Print the entire listing below word for word, excluding its pictures.

GIVEN MATERIAL:

---*---

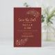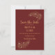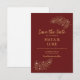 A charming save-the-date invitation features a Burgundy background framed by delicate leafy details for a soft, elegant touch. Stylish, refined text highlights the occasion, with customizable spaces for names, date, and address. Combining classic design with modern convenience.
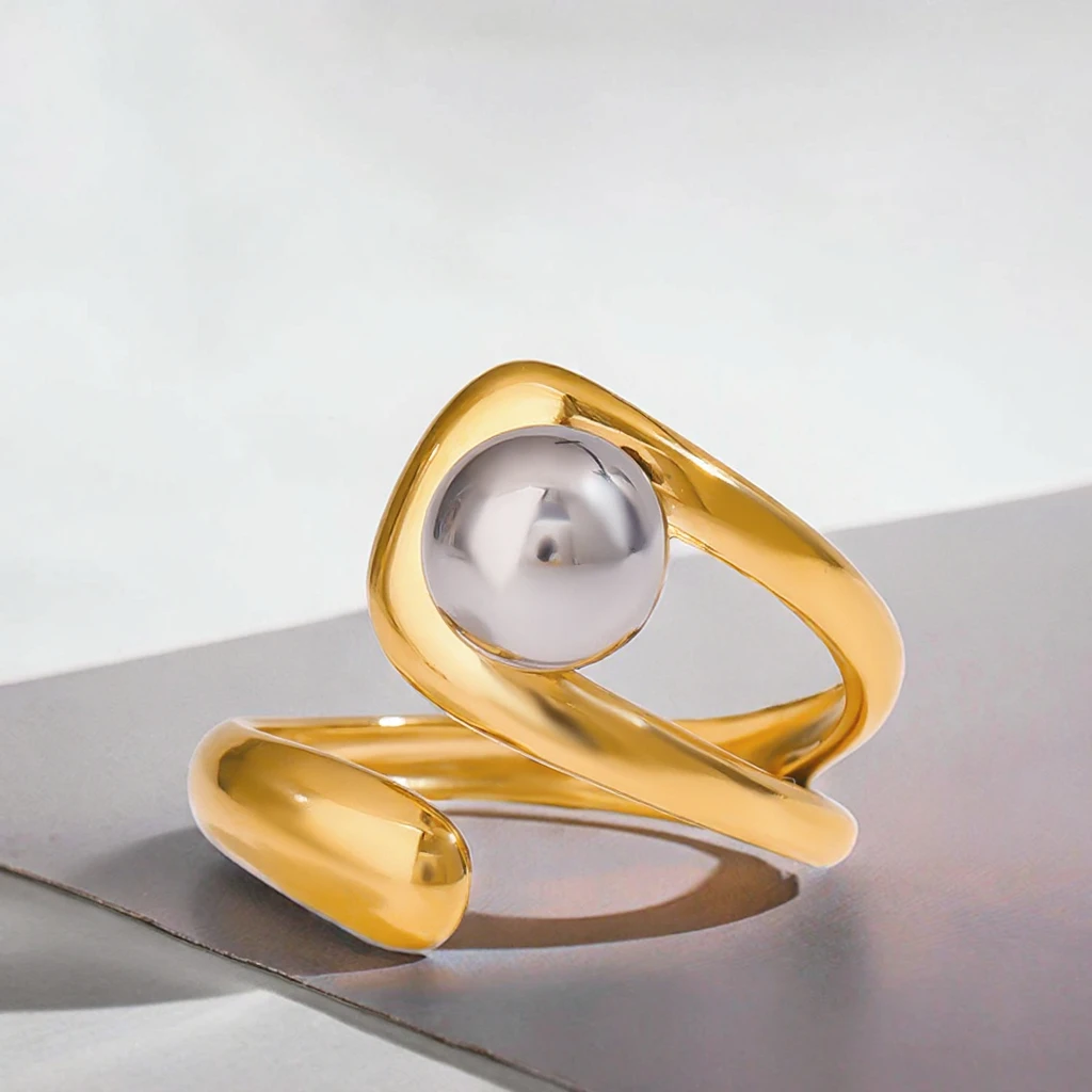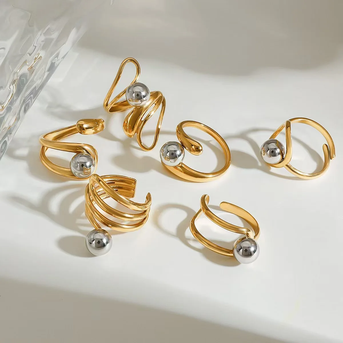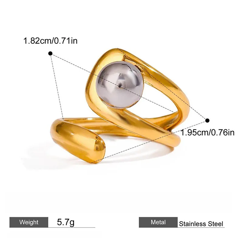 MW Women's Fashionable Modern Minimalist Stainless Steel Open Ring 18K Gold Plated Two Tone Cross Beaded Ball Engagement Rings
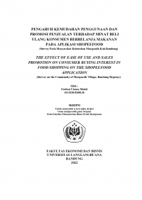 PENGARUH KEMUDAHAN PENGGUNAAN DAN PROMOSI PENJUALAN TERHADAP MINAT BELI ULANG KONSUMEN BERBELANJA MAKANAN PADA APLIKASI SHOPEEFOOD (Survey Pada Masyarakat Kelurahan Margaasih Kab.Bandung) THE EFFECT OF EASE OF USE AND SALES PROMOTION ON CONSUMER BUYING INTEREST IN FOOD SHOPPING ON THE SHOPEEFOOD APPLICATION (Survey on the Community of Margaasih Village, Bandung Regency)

---*---

TASK SOLUTION:
 A charming save-the-date invitation features a Burgundy background framed by delicate leafy details for a soft, elegant touch. Stylish, refined text highlights the occasion, with customizable spaces for names, date, and address. Combining classic design with modern convenience.
 MW Women's Fashionable Modern Minimalist Stainless Steel Open Ring 18K Gold Plated Two Tone Cross Beaded Ball Engagement Rings
 PENGARUH KEMUDAHAN PENGGUNAAN DAN PROMOSI PENJUALAN TERHADAP MINAT BELI ULANG KONSUMEN BERBELANJA MAKANAN PADA APLIKASI SHOPEEFOOD (Survey Pada Masyarakat Kelurahan Margaasih Kab.Bandung) THE EFFECT OF EASE OF USE AND SALES PROMOTION ON CONSUMER BUYING INTEREST IN FOOD SHOPPING ON THE SHOPEEFOOD APPLICATION (Survey on the Community of Margaasih Village, Bandung Regency)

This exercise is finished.